Material provided |
=== Begin Enclosure ===

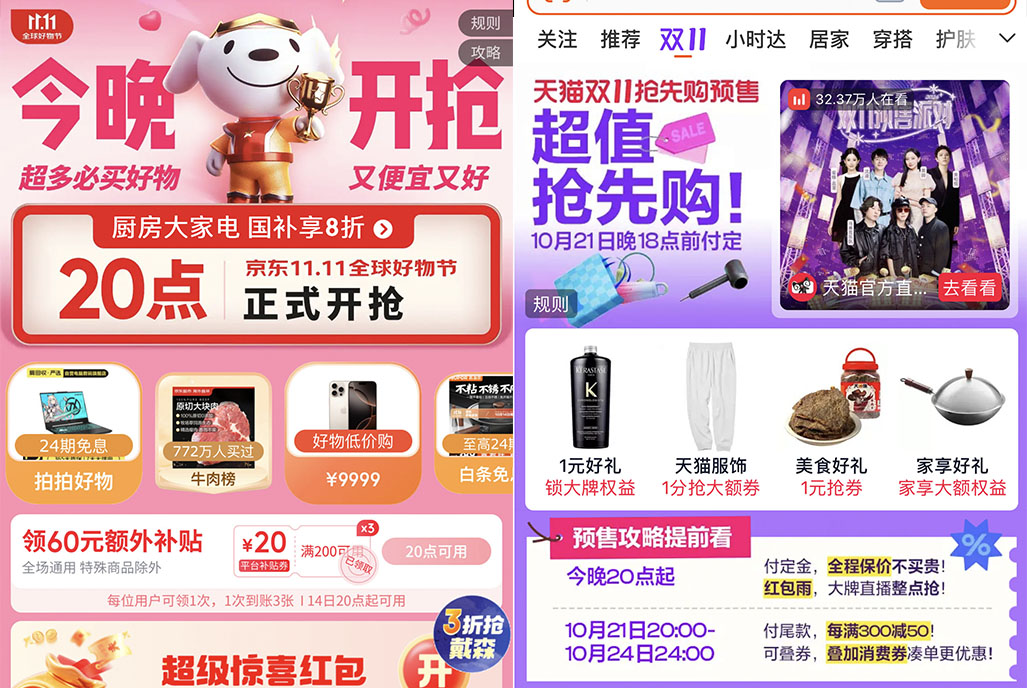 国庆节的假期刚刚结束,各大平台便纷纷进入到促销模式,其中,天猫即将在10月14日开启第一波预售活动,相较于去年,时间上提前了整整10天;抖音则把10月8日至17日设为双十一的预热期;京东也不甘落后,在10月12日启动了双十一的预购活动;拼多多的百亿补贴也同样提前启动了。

=== End Enclosure ===
=== Begin Enclosure ===

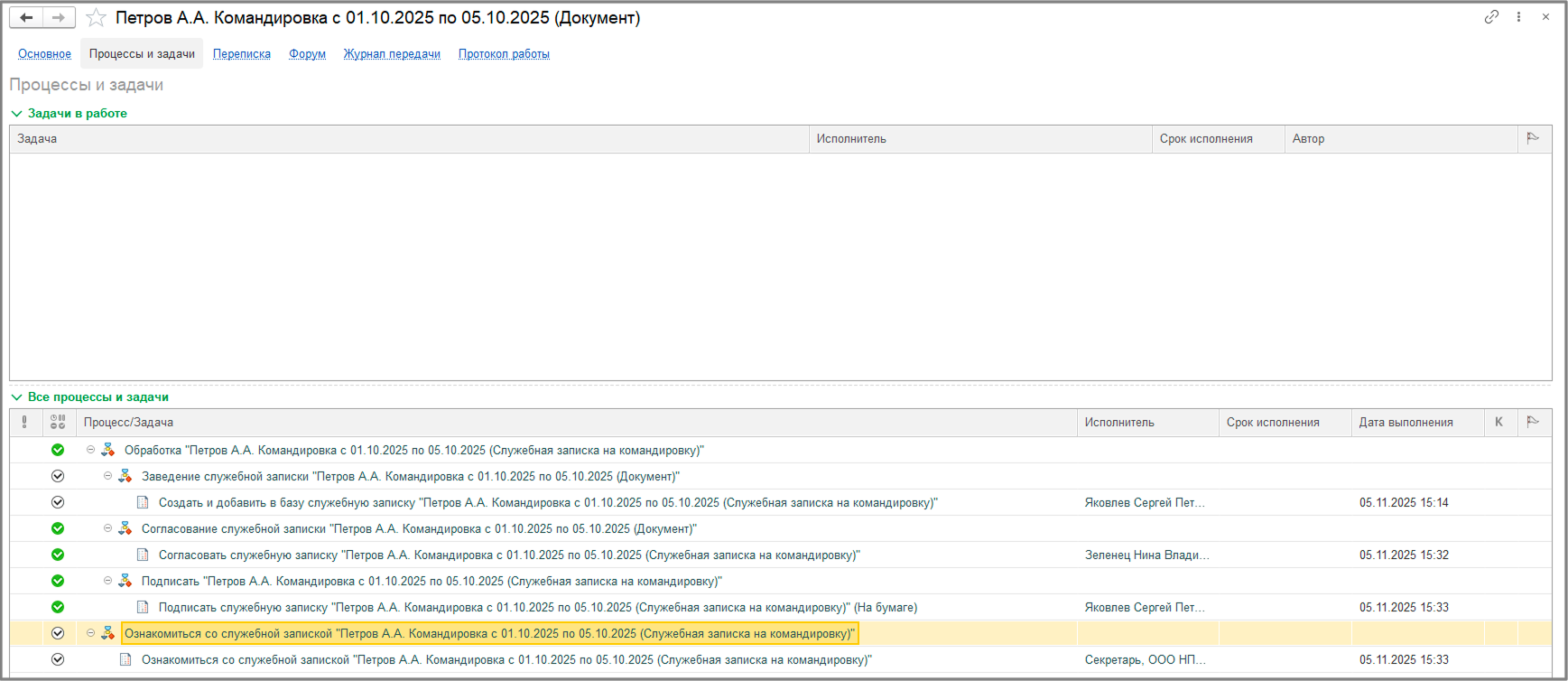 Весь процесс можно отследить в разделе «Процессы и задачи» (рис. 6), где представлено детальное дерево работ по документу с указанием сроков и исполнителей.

=== End Enclosure ===
=== Begin Enclosure ===

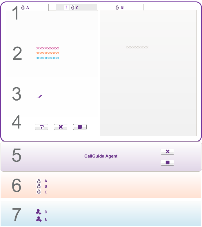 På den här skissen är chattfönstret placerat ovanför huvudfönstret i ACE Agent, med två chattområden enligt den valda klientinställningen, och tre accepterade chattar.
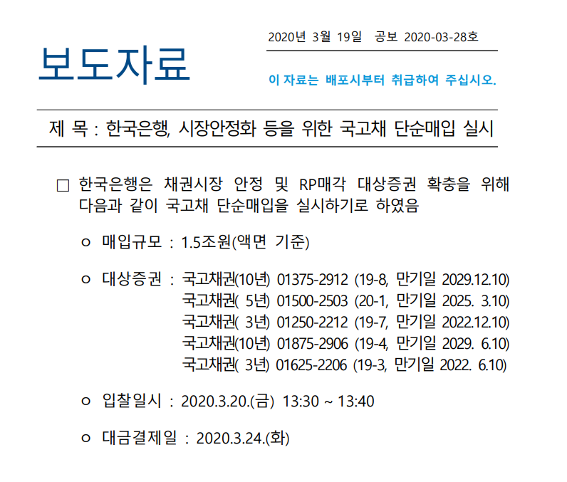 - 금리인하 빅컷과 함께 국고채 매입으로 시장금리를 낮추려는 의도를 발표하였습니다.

=== End Enclosure ===

Assignment |
With the pictures removed from your copy, retype the lines above from the one that contains "På den här skissen" through the one that contains "- 금리인하 빅컷과 함께", exactly.

Result of this exercise |
 På den här skissen är chattfönstret placerat ovanför huvudfönstret i ACE Agent, med två chattområden enligt den valda klientinställningen, och tre accepterade chattar.
 - 금리인하 빅컷과 함께 국고채 매입으로 시장금리를 낮추려는 의도를 발표하였습니다.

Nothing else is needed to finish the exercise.